その動きは規則的で、独立した意志を持って求めてきているように錯覚させる。  
「だぁめっ、ダメ!ぁあー!」  
マリアの内側がネルの指をぎゅうぎゅうと二度締め付けたかと思うと、一層きつい三度目の締め付けと同時に盛大に潮を吹き出す。  
同時にその腰が天を突くように持ち上がってはベッドに打ち付けるように沈んでいく。そんな動きを五・六回ほどくり返した。  
 
「怖がらないで…何度でもイっていいんだよ?」  
熱いほとばしりが止むのを待ってから、ネルはそう言ってゆっくりと指を動かした。  
指の腹でマリアの膣ひだを延ばすように、丹念に擦りながら敏感な部分を捜していく。  
具合の良さそうな部分に指が届く度に、マリアの腰が浮き上がった。  
ひだをかき分ける度に更に細かいひだがネルの爪の間に引っ掛かる気がして、自身も指先から充分に性感を得ている。  
ネルの閉じた花弁の内側では体液がせき止められ、腰を揺すれば水音がしそうなほどだ。  
不意にマリアに挿入していた指をカギ状に曲げ、彼女の内壁を腹側に押し上げるようにして刺激した。  

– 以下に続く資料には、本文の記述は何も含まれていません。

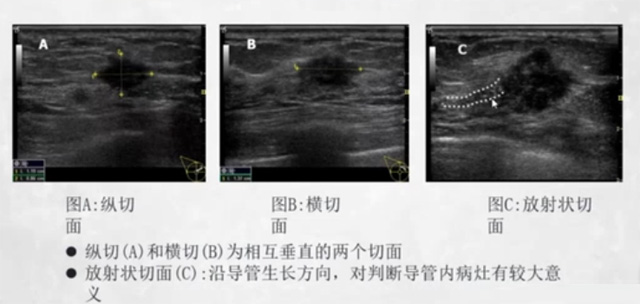 乳腺DR檢查乳腺的縱切和橫切為相互垂直的兩個切面,放射狀切面,也就是以乳頭為中心來進行一個掃查,為什么要強調(diào)放射狀切面呢?可以看到病灶是沿著導管方向的。沿導管生長方向,對判斷導管內(nèi)病灶有較大的臨床意義。檢查留圖要有橫縱切面,放射狀切面。乳腺病灶的定位有兩種方法,一種是以乳頭為中心,經(jīng)過乳頭水平線與垂直線,將乳房分為4個象限,外上下象限,內(nèi)上下象限。另外一種是時鐘定位法,以乳頭為中心,采用12小時鐘點制,病變距乳頭的距離。

もちろん先ほどの探索で探った最も敏感な部分を、である。  
「いっ、いやぁーあああああ!」  
その瞬間、尻を天井まで向けそうな勢いでマリアの腰が跳ね上がったかと思うと、両足の間から一際太い水柱があがる。  
不随意的に腹筋が収縮して可愛いへそがビクンビクンとうごめくと同時に、ネルの右腕をひじまで新たな愛液で上塗りしていった。  
マリアの身体が力なく折れ、肉壷を天に向けて『まんぐり返し』の体勢になる。  
ネルはそのまま彼女の腰を左腕で捕まえると、右腕を突き立てるように構えて更にマリアの内壁を摩りあげる。  
「はんっ…ぁふ!」  
その腕のストロークごとに体液がかき出されて、マリアのへそから胸、そして顔まで濡らしていく。  
肉壷の内側でネルが指を曲げたままグルリと腕をひねると、丸まっていたマリアの背が今度は一気に伸び上がって、ベッドの上で逆立ちするような姿勢のまま幾度目かの絶頂を迎えた。